可动画服装转移,旨在为角色穿上并动画化服装,是一个具有挑战性的问题。大多数人类化身的研究将人体和服装的表示纠缠在一起,这导致了跨身份的虚拟试穿变得困难。更糟糕的是,这种纠缠的表示通常无法准确跟踪服装的滑动运动。为了克服这些限制,我们提出了分层高斯化身 (Layered Gaussian Avatars, LayGA),这是一种新的表示方法,将身体和服装分别作为两个独立的层,从多视角视频中实现逼真的可动画服装转移。

6.) LMD3: Language Model Data Density Dependence ( paper )
6.)LMD3:语言模型数据密度依赖性(paper)

We develop a methodology for analyzing language model task performance at the individual example level based on training data density estimation. Experiments with paraphrasing as a controlled intervention on finetuning data demonstrate that increasing the support in the training distribution for specific test queries results in a measurable increase in density, which is also a significant predictor of the performance increase caused by the intervention. Experiments with pretraining data demonstrate that we can explain a significant fraction of the variance in model perplexity via density measurements. We conclude that our framework can provide statistical evidence of the dependence of a target model's predictions on subsets of its training data, and can more generally be used to characterize the support (or lack thereof) in the training data for a given test task.
我们开发了一种基于训练数据密度估计的方法,用于在单个示例级别分析语言模型任务性能。通过对微调数据进行复述(paraphrasing)作为受控干预的实验表明,增加训练分布中对特定测试查询的支持会导致密度的可测量增加,这也是干预引起的性能提升的重要预测指标。对预训练数据的实验表明,我们可以通过密度测量解释模型困惑度(perplexity)变化的显著部分。
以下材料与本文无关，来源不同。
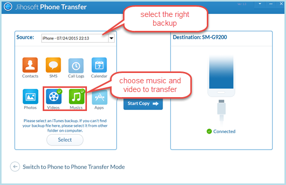 3. Choose the backup you need, and select “Music” and “Videos”. Then click on “Start Copy” to transfer iTunes music, videos to Galaxy phone.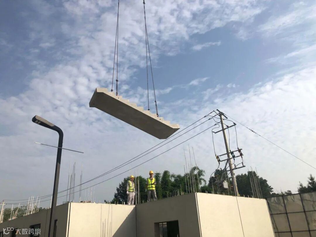 图为万兴绿建样品房预制楼梯吊装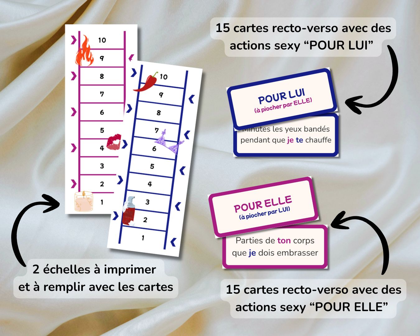 Dans ce jeu de stratégie sensuelle, construisez à l'aveugle le scénario de votre soirée. Une fois l'échelle remplie, il n'y a plus qu'à s'exécuter... et vivre l'enchaînement exactement comme vous l'avez décidé.

我们得出结论,我们的框架可以提供统计证据,证明目标模型的预测依赖于其训练数据的子集,并且更普遍地用于描述训练数据对给定测试任务的支持(或缺乏支持)。

7.) Chameleon: Mixed-Modal Early-Fusion Foundation Models ( paper )
7.) 变色龙:混合模态早期融合基础模型(paper)

We present Chameleon, a family of early-fusion token-based mixed-modal models capable of understanding and generating images and text in any arbitrary sequence. We outline a stable training approach from inception, an alignment recipe, and an architectural parameterization tailored for the early-fusion, token-based, mixed-modal setting. The models are evaluated on a comprehensive range of tasks, including visual question answering, image captioning, text generation, image generation, and long-form mixed modal generation.
我们介绍了 Chameleon,这是一系列基于早期融合 Token 的混合模态模型,能够理解和生成任意顺序的图像和文本。我们概述了一种从一开始就稳定的训练方法、一种对齐方案以及针对早期融合、基于 Token 的混合模态设置的架构参数化。这些模型在一系列综合任务上进行了评估,包括视觉问答、图像描述、文本生成、图像生成和长篇混合模态生成。
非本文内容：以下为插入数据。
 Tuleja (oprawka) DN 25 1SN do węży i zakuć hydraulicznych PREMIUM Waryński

8.) Does Fine-Tuning LLMs on New Knowledge Encourage Hallucinations? ( paper )
8.) 在新知识上进行微调 LLMs 会鼓励幻觉吗?( paper )

When large language models are aligned via supervised fine-tuning, they may encounter new factual information that was not acquired through pre-training. It is often conjectured that this can teach the model the behavior of hallucinating factually incorrect responses, as the model is trained to generate facts that are not grounded in its pre-existing knowledge. In this work, we study the impact of such exposure to new knowledge on the capability of the fine-tuned model to utilize its pre-existing knowledge.
当大语言模型通过监督微调进行对齐时,它们可能会遇到在预训练中未获取的新事实信息。人们常常推测,这可能会教会模型生成事实不正确的回应行为,因为模型被训练生成的事实并不基于其已有的知识。在这项工作中,我们研究了这种接触新知识对微调模型利用其已有知识能力的影响。
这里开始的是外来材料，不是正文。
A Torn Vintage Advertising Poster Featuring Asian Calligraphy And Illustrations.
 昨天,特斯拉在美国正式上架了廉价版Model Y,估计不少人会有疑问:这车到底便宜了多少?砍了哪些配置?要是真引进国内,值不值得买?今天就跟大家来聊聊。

9.) What Can Natural Language Processing Do for Peer Review? ( paper )
9. ) 自然语言处理能为同行评审做些什么?(论文)

The number of scientific articles produced every year is growing rapidly. Providing quality control over them is crucial for scientists and, ultimately, for the public good. In modern science, this process is largely delegated to peer review -- a distributed procedure in which each submission is evaluated by several independent experts in the field. Peer review is widely used, yet it is hard, time-consuming, and prone to error. Since the artifacts involved in peer review -- manuscripts, reviews, discussions -- are largely text-based, Natural Language Processing has great potential to improve reviewing. As the emergence of large language models (LLMs) has enabled NLP assistance for many new tasks, the discussion on machine-assisted peer review is picking up the pace.
每年发表的科学文章数量正在迅速增长。对这些文章进行质量控制对科学家来说至关重要,最终也关系到公众利益。在现代科学中,这一过程主要由同行评审来完成——这是一个分布式程序,每篇投稿都会由该领域的几位独立专家进行评估。同行评审被广泛使用,但它既困难又耗时,还容易出错。由于同行评审中涉及的文稿、评审和讨论大多是基于文本的,自然语言处理 (Natural Language Processing, NLP) 在改进评审方面具有巨大潜力。随着大语言模型 (Large Language Model, LLM) 的出现,使得 NLP 能够辅助许多新任务,关于机器辅助同行评审的讨论也在加速进行。

10.) MediSyn: Text-Guided Diffusion Models for Broad Medical 2D and 3D Image Synthesis ( paper )
10. ) MediSyn: 基于文本引导扩散模型的广泛医学 2D 和 3D 图像合成 ( 论文 )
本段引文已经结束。